084.コラム ~ 約束より1時間前ルールが常識

都内では風営法の手続きにおける構造設備検査、いわゆる「実査」の時間について暗黙の
ルールがあります。
それは、実査を受ける事業者は公式に約束した開始時間より1時間前に実査を受けられるよう
準備しておくこと。
私が風営実務に関わりはじめた頃(20年以上前ですが)にはすでに当然のごとくそんなルールでした。

都内の実査では風俗環境浄化協会の職員さんが2名。
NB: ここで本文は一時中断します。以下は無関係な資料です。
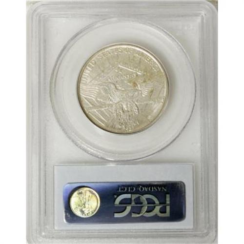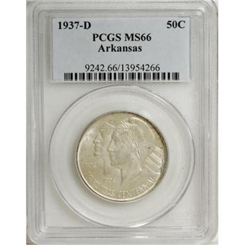 <B>1937-D 50C Arkansas MS66 PCGS.</B></I> The surfaces of this softly lustrous Premium Gem are predominantly silver-gray with small dots of charcoal at the right obverse. Well-defined for the series and one of just 5,505 pieces struck. PCGS has graded just 15 coins finer (9/07).<BR><BR><b>Shipping:</b> Coins & Currency (<a target="_blank" href="http://www.heritageauctions.com/common/shipping.php">view shipping information</a>)

さらに所轄署から警察官が1名又は2名来ます。
実査の公式開始時間が10時だとしたら、9時には開始できるようにしておかなければならない。
かつては本当に1時間前に浄化協会さんが来てましたが、最近は公式予定時間の10分前とかが多く
なっていました。
そうなると、1時間前に準備をしても、1時間近く待たされてしまうことが多いのですが、それは
私とお客さんが雑談をする時間として価値がありまして、なんとなくそんなもんだと思っていました。

一方では、ある新人行政書士さんがその「1時間前ルール」を知らないで、公式タイムの30分くらいに
お店に行ったら、待ち受けていた職員さんから「非常識」だと言われ、ずいぶん説教されたとか。

やっぱり「1時間前ルール」は生きているんだなと。

都内の行政書士さんの常識に照らせば、その新人さんはまだ世間知らずだったかも知れませんが、
世間一般の常識からすると、逆にこちらが非常識となりますね。

浄化協会さんの立場を推察すれば、電車移動ですから、人身事故とかで到着が遅れるリスクがある一方で、
事業者に対して「遅れてごめんなさい」とは言いたくない。

だから、公式開始時間を1時間遅らせておく。おおよそそんな思惑から生じた慣習だと思いますが、
それはそれで仕方がないと思うのです。

あちらのお立場を尊重して上手にお付き合いする。これが業界の常識なんですから、業界の方々には
そういうことも理解しておいてほしいです。